EXERCISE PROMPT » Write out each line below precisely, passing over the pictures.

(Stored entries)

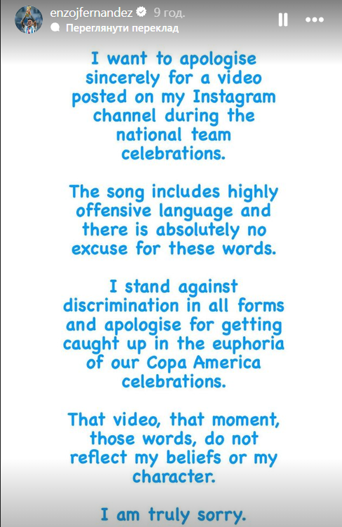 Я проти дискримінації у всіх формах і вибачаюся за те, що потрапив у ейфорію святкування перемоги на Копа Амеріка. Це відео, той момент, ці слова, не відображають моїх переконань або мого характеру. Мені щиро шкода", – написав Енцо на своїй сторінці в Instagram.
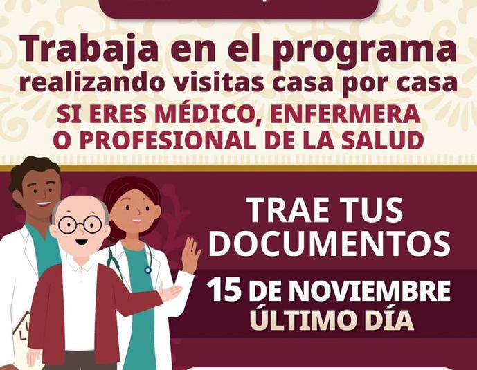 De acuerdo con la convocatoria nacional, hoy es el último día para el registro de los profesionales de la salud interesados en formar parte del programa “Salud Casa por Casa”, de la Secretaría del Bienestar. Las médicas, médicos, enfermeras, enfermeros y profesionales de la salud, darán seguimiento a la salud de los Adultos Mayores y Personas con Discapacidad con visitas en sus domicilios
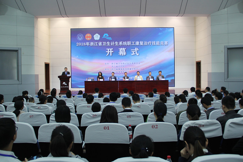 上午,2018年浙江省卫生计生系统职工康复治疗技能竞赛开幕式在我校铁城科教馆隆重举行。副校长寿永明,浙江省卫生计生委医政处副处长封巍,浙江省康复医学质量控制中心常务主任、浙江省康复医学会常务副会长兼秘书长叶祥明,绍兴市卫计委副主任凌秀凤,新金沙2004路线js5附属医院筹建工作小组组长胡学建,金沙2004路线js5副院长张剑出席开幕式。开幕式由浙江省康复医学科治疗部主任谭同才主持。
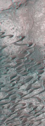 One of the very first places photographed by the MOC at the start of the Mapping Mission in March 1999 was a field of dunes located in Nili Patera, a volcanic depression in central Syrtis Major. A portion of this dune field was shown in a media release on March 11, 1999, "Sand Dunes of Nili Patera, Syrtis Major." Subsequently, the image was archived with the NASA Planetary Data System, as shown in the Malin Space Science Systems MOC Gallery. On April 24, 2001, an opportunity arose in which the MGS could be pointed off-nadir to take a new picture of the same dune field. By combining the nadir view from March 1999 and the off-nadir view from April 2001, a stereoscopic image was created. The anaglyph shown here must be viewed with red (left-eye) and blue (right-eye) "3-D" glasses. The dunes and the local topography of the volcanic crater's floor stand out in sharp relief. The images, taken more than one Mars year apart, show no change in the shape or location of the dunes--that is, they do not seem to have moved at all since March 1999.
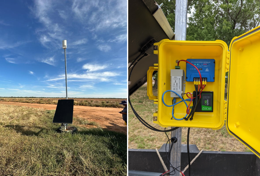 Step 11: Arrange the 4G router, solar regulator, PoE injector, and other equipment inside the waterproof box. Fix the box onto a metallic pole, ensuring it is at a height of minimum 1.0m from the top of the tire.
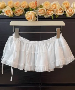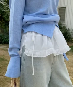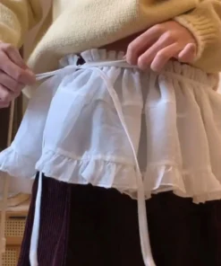 Plus size Spring All-Match French Lace Strap Design Fashion Pleated Skirt Fart Curtain Skirt Ruffle Trim Belted A- Line Skirt

EXERCISE RESPONSE »
 Я проти дискримінації у всіх формах і вибачаюся за те, що потрапив у ейфорію святкування перемоги на Копа Амеріка. Це відео, той момент, ці слова, не відображають моїх переконань або мого характеру. Мені щиро шкода", – написав Енцо на своїй сторінці в Instagram.
 De acuerdo con la convocatoria nacional, hoy es el último día para el registro de los profesionales de la salud interesados en formar parte del programa “Salud Casa por Casa”, de la Secretaría del Bienestar. Las médicas, médicos, enfermeras, enfermeros y profesionales de la salud, darán seguimiento a la salud de los Adultos Mayores y Personas con Discapacidad con visitas en sus domicilios
 上午,2018年浙江省卫生计生系统职工康复治疗技能竞赛开幕式在我校铁城科教馆隆重举行。副校长寿永明,浙江省卫生计生委医政处副处长封巍,浙江省康复医学质量控制中心常务主任、浙江省康复医学会常务副会长兼秘书长叶祥明,绍兴市卫计委副主任凌秀凤,新金沙2004路线js5附属医院筹建工作小组组长胡学建,金沙2004路线js5副院长张剑出席开幕式。开幕式由浙江省康复医学科治疗部主任谭同才主持。
 One of the very first places photographed by the MOC at the start of the Mapping Mission in March 1999 was a field of dunes located in Nili Patera, a volcanic depression in central Syrtis Major. A portion of this dune field was shown in a media release on March 11, 1999, "Sand Dunes of Nili Patera, Syrtis Major." Subsequently, the image was archived with the NASA Planetary Data System, as shown in the Malin Space Science Systems MOC Gallery. On April 24, 2001, an opportunity arose in which the MGS could be pointed off-nadir to take a new picture of the same dune field. By combining the nadir view from March 1999 and the off-nadir view from April 2001, a stereoscopic image was created. The anaglyph shown here must be viewed with red (left-eye) and blue (right-eye) "3-D" glasses. The dunes and the local topography of the volcanic crater's floor stand out in sharp relief. The images, taken more than one Mars year apart, show no change in the shape or location of the dunes--that is, they do not seem to have moved at all since March 1999.
 Step 11: Arrange the 4G router, solar regulator, PoE injector, and other equipment inside the waterproof box. Fix the box onto a metallic pole, ensuring it is at a height of minimum 1.0m from the top of the tire.
 Plus size Spring All-Match French Lace Strap Design Fashion Pleated Skirt Fart Curtain Skirt Ruffle Trim Belted A- Line Skirt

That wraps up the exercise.